◆ **WHAT IS EXPECTED**
Once you find the line with "En 1866, après" in the listing below, set down exactly every line from it through the line with "(2)一些特殊角的角度数与弧度数的对应关系有", but no pictures.

◆ **PROVIDED DATA**
--- START ---

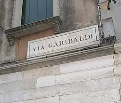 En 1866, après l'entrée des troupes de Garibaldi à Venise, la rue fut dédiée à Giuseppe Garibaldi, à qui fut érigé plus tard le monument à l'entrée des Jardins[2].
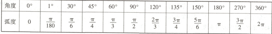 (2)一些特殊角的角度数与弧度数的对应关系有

--- END ---
--- START ---

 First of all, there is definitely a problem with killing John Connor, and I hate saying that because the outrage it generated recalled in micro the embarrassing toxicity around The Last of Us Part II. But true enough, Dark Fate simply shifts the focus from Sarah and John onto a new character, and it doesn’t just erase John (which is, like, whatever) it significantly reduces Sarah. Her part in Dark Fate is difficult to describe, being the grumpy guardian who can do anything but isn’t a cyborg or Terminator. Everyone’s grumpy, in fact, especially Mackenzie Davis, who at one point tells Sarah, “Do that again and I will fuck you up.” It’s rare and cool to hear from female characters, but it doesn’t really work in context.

--- END ---
--- START ---

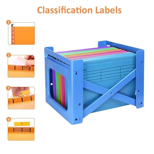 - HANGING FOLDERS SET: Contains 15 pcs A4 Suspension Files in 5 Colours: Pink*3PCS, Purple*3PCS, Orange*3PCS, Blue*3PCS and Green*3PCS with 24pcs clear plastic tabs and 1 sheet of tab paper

--- END ---

◆ **TASK OUTPUT**
 En 1866, après l'entrée des troupes de Garibaldi à Venise, la rue fut dédiée à Giuseppe Garibaldi, à qui fut érigé plus tard le monument à l'entrée des Jardins[2].
 (2)一些特殊角的角度数与弧度数的对应关系有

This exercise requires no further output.